Но надзиратели не оценили ни моего остроумия, ни литературной оснащенности. Вечером меня забрали в карцер. Карцеры в Бутырках были разные, и мы были наслышаны и о сырых каменных мешках, и о подвалах, где кромешная тьма и бегают крысы… Я попал в «светлый карцер». Это довольно противная штука. Такой небольшой шкаф-комната. Два шага в длину, полтора в ширину. Окна нет. К стене поднята железная рама с несколькими железными перекладинами. Это кровать. Она весь день поднята и опускается какой-то штукой извне раз в сутки на четыре часа. И раз в сутки дают пайку хлеба в четыреста граммов и кружку кипятка. Шкаф этот, пол, стены, потолок, железная штука, называемая кроватью, металлическая огромная, неопорожняющаяся параша с крышкой – все выкрашено ослепительно-белой эмалевой краской. А в потолок ввинчена лампа свечей на пятьсот. И она горит, сволочь, днем и ночью… И через час от этого начинаешь сходить с ума. Большую часть времени я стоял в углу, плотно закрыв глаза и прижав к ним руки в белой же нательной рубахе. Потому что перед вводом в карцер тебя оставляют в одном белье. Но ничего не помогало, свет проникал в мозг, во внутренности, от него никуда невозможно было деться.

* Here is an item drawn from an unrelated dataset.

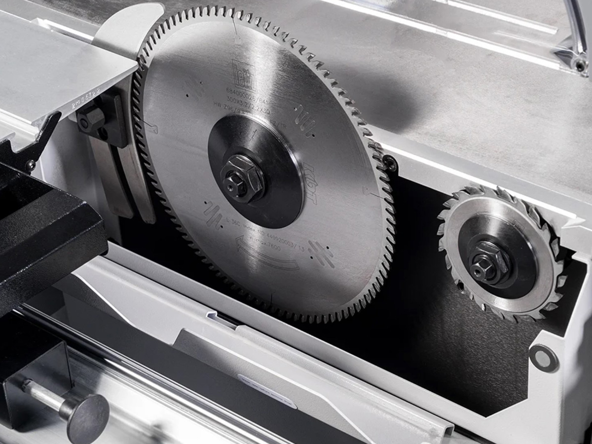 Enostavna nastavitev višine žagnega lista s pomočjo močnih linearnih vodil.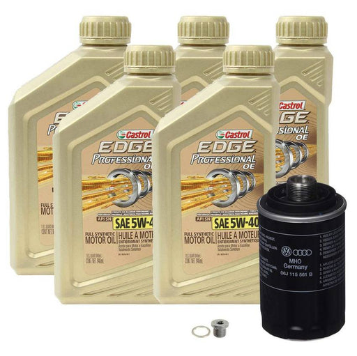 GENUINE VW/AUDIKit Includes: 5 x Castrol 152C7E SAE 5W-40 Engine Motor Oil (1 Quart) 1 x Rein HWP0014 Engine Oil Drain Plug 1 x Mann-Filter W 719/45 Engine Oi...

Мне было объявлено, что я наказан пятью сутками карцера «обычного режима», что мне не положено стучать, разговаривать, садиться или ложиться на пол и что-то ещё делать. А за нарушение любого из этих запретов карцер мне автоматически продлевается ещё на пять суток. Через несколько суток я потерял счет времени. И это было самое страшное. Я вообразил, что я что-то сделал, нарушил, что уже прошло пять суток и мне предстоит ещё столько же… И мысль об этом была страшной. Я совершенно был уверен, что не выдержу, не выйду из этого светлого ада, а если выйду, то слепым или получеловеком. И я вспоминал полусвет, дружескую тесноту двадцать девятой камеры, возможность лечь на нары, укрыться с головой, закрываемый от глазка в двери сочувствием и помощью и пониманием твоих товарищей, твоих сокамерников.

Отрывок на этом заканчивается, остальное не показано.